Mark Girolami and Michael Wooldridge

Mark Girolami and Michael Wooldridge

Professor Mark Girolami FRSE FREng has been the Chief Scientist of The Alan Turing Institute, the UK’s National Institute for data science and artificial intelligence, since October 2021. He was one of the original founding Executive Directors of the Institute and previously led the Turing’s Data-centric Engineering programme, which is principally funded by Lloyd’s Registry Foundation. Professor Michael Wooldridge is a programme director for AI at the Alan Turing Institute and a Professor of Computer Science at the University of Oxford and. He has been an AI researcher for more than 30 years. He is a Fellow of the ACM, AAAI and EurAI. From 2014-16, he was President of the European Association for AI, and from 2015-17 he was President of the International Joint Conference on AI (IJCAI).

SUMMARY

  • An enormously successful new class of AI systems – Foundation Models – is causing profound changes in the technology sector
  • Foundation models require enormous computational and data resources. Because of this they are currently owned by a small number of foreign-owned companies
  • There are many arguments in favour of a sovereign AI capability in foundation models, and in part to address these, the Government set up a taskforce in April 2023
  • There are many possibilities for a sovereign AI capability, ranging from a moonshot to develop UK foundation models from scratch, down to simply licensing of technology.

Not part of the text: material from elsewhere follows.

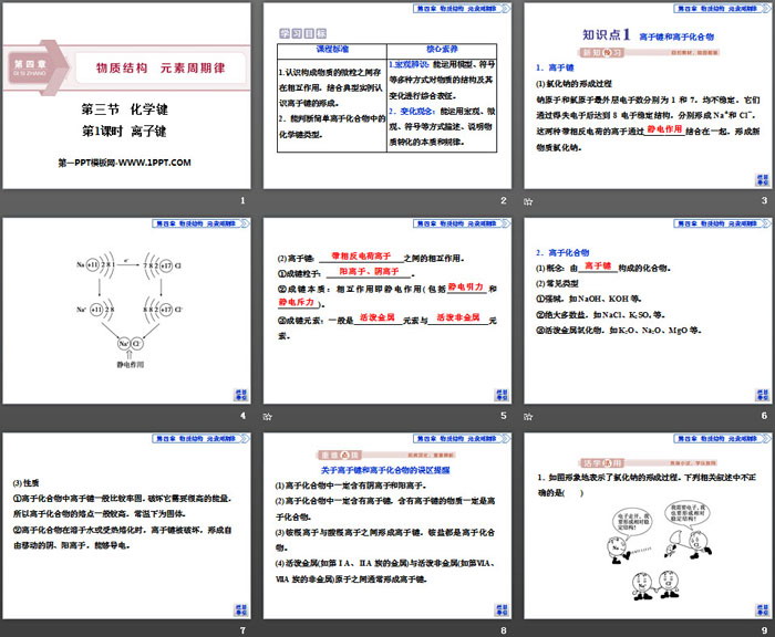 关键词:人教版高中化学必修一PPT课件免费下载,化学键PPT下载,物质结构元素周期律PPT下载,离子键PPT下载,.PPT格式;

We have seen a stream of advances in AI over the past decade, culminating in the release of ChatGPT in November 2022, which became the first mass-market general-purpose AI system. The success of ChatGPT is causing seismic changes in the big-tech industry: we are witnessing a technology watershed akin to the release of the World-Wide Web some 30 years ago.

ChatGPT is a Foundation Model – a very large AI system, built using vast quantities of data and requiring AI supercomputers to process that data. The resources required to build foundation models means that their development has been restricted to a small number of foreign-owned companies.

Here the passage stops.